Мы садились за отдельный столик, и дядя Лито рассказывал, как прошел его день, сколько бутылок он сбыл и каких, что там с запасами, не надо ли их пополнить. Я хранил молчание. Само собой. Слушаю я его или нет, роли не играло. Дядя болтал за двоих, трещал без умолку, когда не спал.
— Мы почти все распродали, Майк, — говорил он. — Надо бы на склад съездить. Может, на обратном пути прихватим пару цыпочек? Да и привезем их к себе? Вечеринку закатим?
Эта его манера трепаться без передышки… я часто сталкивался с такими людьми. Им, разговорчивым, не требовалось и минуты, чтобы свыкнуться с моим молчанием, и у них окончательно развязывался язык. А молчуны… рядом со мной им становилось чертовски неловко: они знали, что меня им не перемолчать.
Не буду утомлять тебя рассказами о том, как меня таскали по терапевтам, логопедам, консультантам и психологам. Все до единого считали меня просто молчаливым и печальным мальчуганом, который не сказал ни слова с того рокового дня, когда ему удалось обмануть смерть. При правильном подходе, проявив понимание и не скупясь на поддержку, любой из этих терапевтов, логопедов, консультантов и психологов мог бы подобрать волшебный ключик к моей травмированной психике.
Из кабинетов врачей мы всякий раз выходили с новыми диагнозами, которые дядя Лито повторял, заучивая наизусть, всю дорогу домой. Избирательный мутизм. Психогенная афония. Ларингеальный паралич травматической этиологии. А на самом деле я по некой причине просто решил, что перестану говорить.
Когда я вспоминаю прошлое, мне становится немного жаль дядю Лито. Кроме меня, ему и поговорить было не с кем. Какая-то женщина приезжала проверять, как у меня дела, но делала это нечасто, раз в месяц, а по прошествии года перестала появляться вообще. По любым меркам дела у меня шли нормально. Не хорошо, просто нормально. Я питался, хотя чаще всего в ресторане «Пламя». Спал. А еще: я снова начал ходить в школу.
Точнее, в учебное заведение под названием «Институт Хиггинса». Там учились в основном глухие дети. И еще несколько, про которых говорили, что у них «коммуникативные нарушения». В эту категорию входил и я. У меня тоже обнаружили «нарушения».

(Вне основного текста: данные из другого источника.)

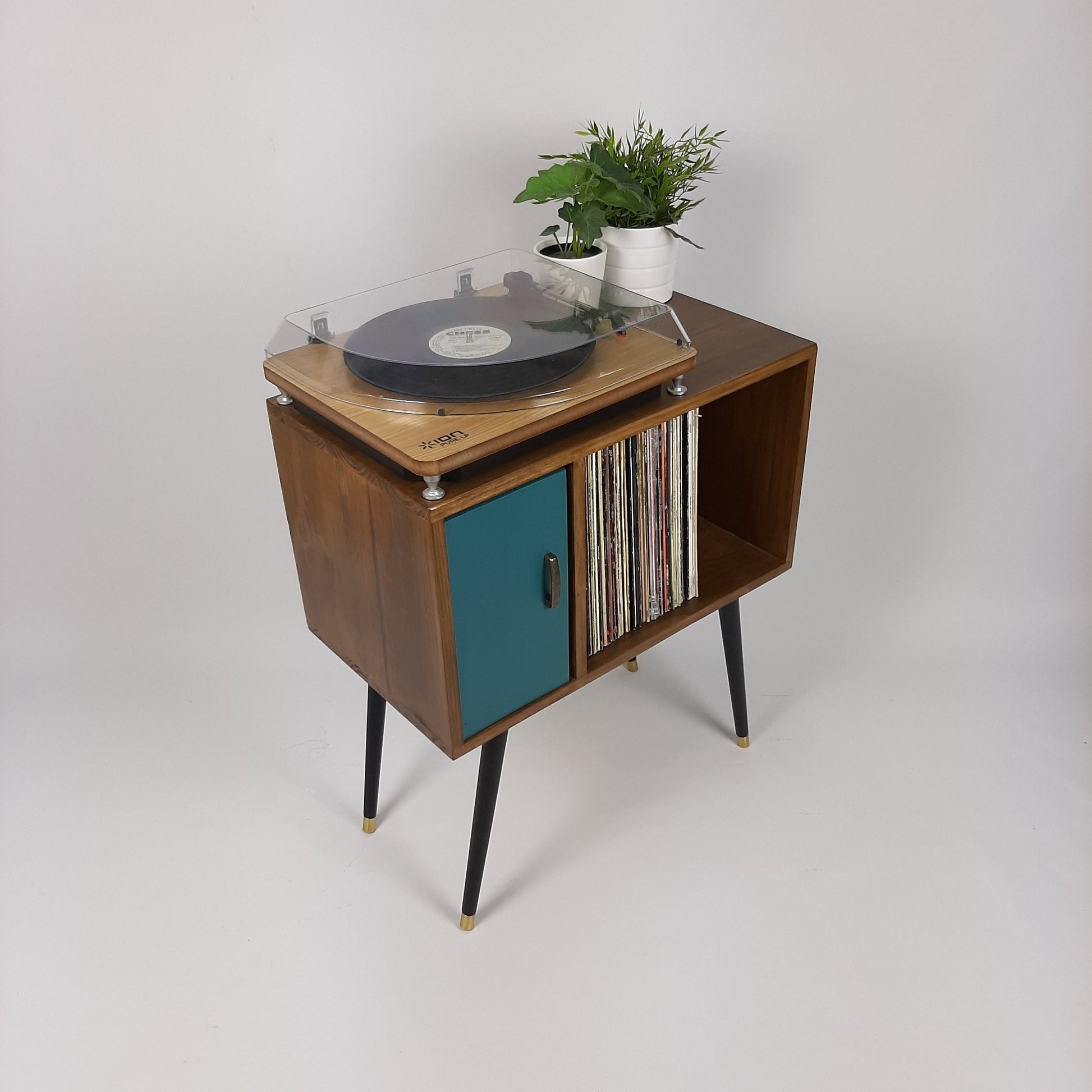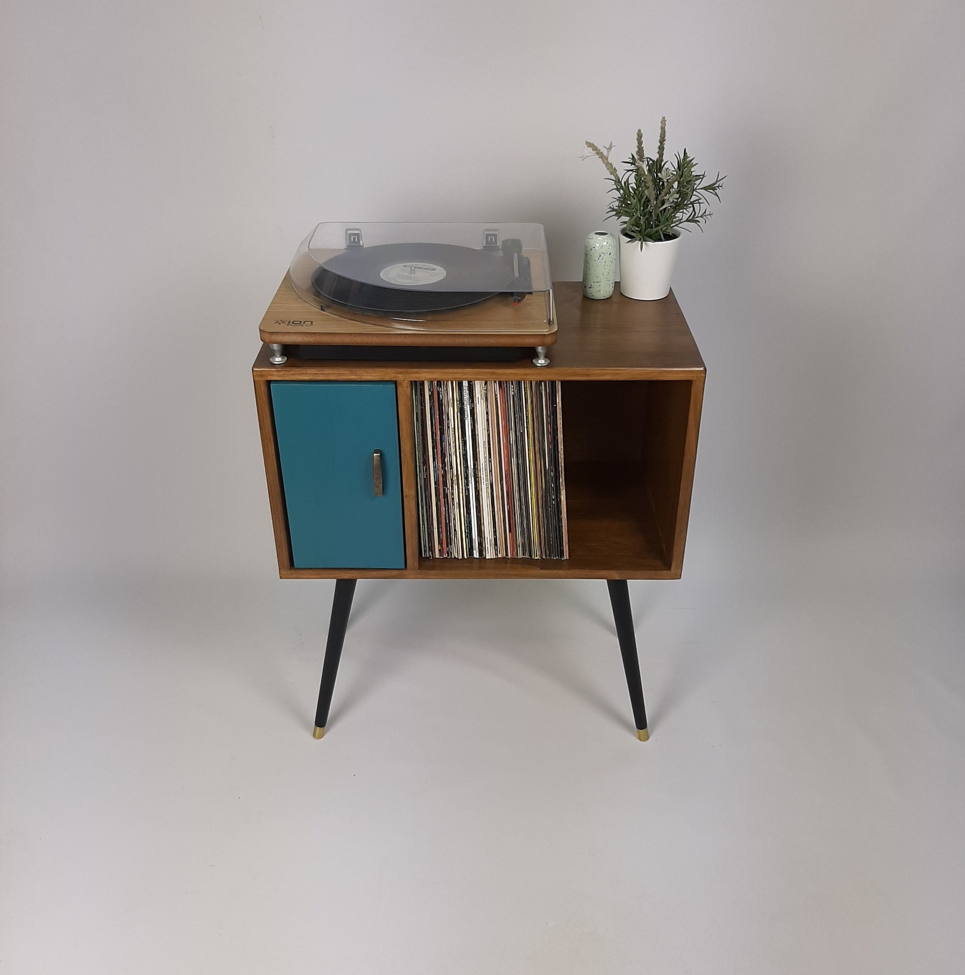 Our stylish, modern walnut side board/media table is designed to hold vinyl records but is also perfect as a living room sideboard, media console or even drinks cabinet. With clean lines it is inspired by mid century Danish minimalist furniture but with a unique modern twist. The legs are handmade dansette style legs made in Santiago, Spain. The royal blue door is solid wood that has been painted, hand sanded and varnished.

Меня по-прежнему изучали толпы психологов и психотерапевтов. Конца этому не предвиделось. Мне хотелось послать их к чертям собачьим, лишь бы меня оставили в покое. Потому что все они делали одну и ту же грубую ошибку. Все эти разговоры о том, что я еще слишком мал, поэтому «перерасту» травму… А меня до сих пор трясет, когда я вспоминаю о ней. И о снисходительном тоне врачей. Их вопиющем, абсолютном невежестве.